In the computer vision field, solutions for recovering a clear view through bad weather such as haze and fog have been actively developed and yet, it remains an open problem. A typical approach is to use a dark channel prior [1, 2], which assumes one of the RGB channels should be dark in natural objects. Berman et al. [3] remove haze effects by clustering similar colors throughout the image and fitting haze-lines in the RGB space. While color-based methods sometimes struggle with artificial objects that are white or gray, our method does not depend on color information but instead uses temporal information. Another approach for seeing through fog is to use a geometric constraint. O’Toole et al. [4] optically mask the light rays using a synchronized projector-camera system so that only the reflection from a designated depth is captured. A similar idea is implemented on a galvo and linear sensor system [5]. While these methods capture an image slice at designated depth, our method recovers the depths of a foggy scene.

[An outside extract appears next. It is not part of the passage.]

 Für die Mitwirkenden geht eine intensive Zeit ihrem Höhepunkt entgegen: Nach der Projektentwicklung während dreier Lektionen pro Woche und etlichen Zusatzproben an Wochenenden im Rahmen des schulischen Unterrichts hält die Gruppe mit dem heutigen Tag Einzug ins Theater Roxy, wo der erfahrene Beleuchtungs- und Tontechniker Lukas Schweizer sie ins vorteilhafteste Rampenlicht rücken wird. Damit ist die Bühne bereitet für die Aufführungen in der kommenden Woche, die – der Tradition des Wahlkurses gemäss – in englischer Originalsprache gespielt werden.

Light-in-flight imaging, also known as transient imaging, conveys rich information of the imaged scene. The reader is referred to the recent survey by Jarabo et al. [6] for a comprehensive overview. Light-in-flight imagery can be obtained by an interferometer [7], holography [8, 9], femtosecond-pulsed laser [10–12], and single photon avalanche diode sensor (SPAD) [13]. Light-in-flight can be also recovered using the ToF camera, with which the cost can be significantly reduced while the temporal resolution becomes lower. Light-in-flight can be obtained by frequency and phase sweep [14–17] and optical coding [18, 19]. When the ultra-high speed response is obtained, removing the fog effect is much easier to achieve. Indeed, SPAD observations are applied for seeing through fog [20] by analyzing the distribution of photon arrivals. Our method bypasses the exact recovery of the time domain responses and simply uses a ToF camera without any hardware modifications.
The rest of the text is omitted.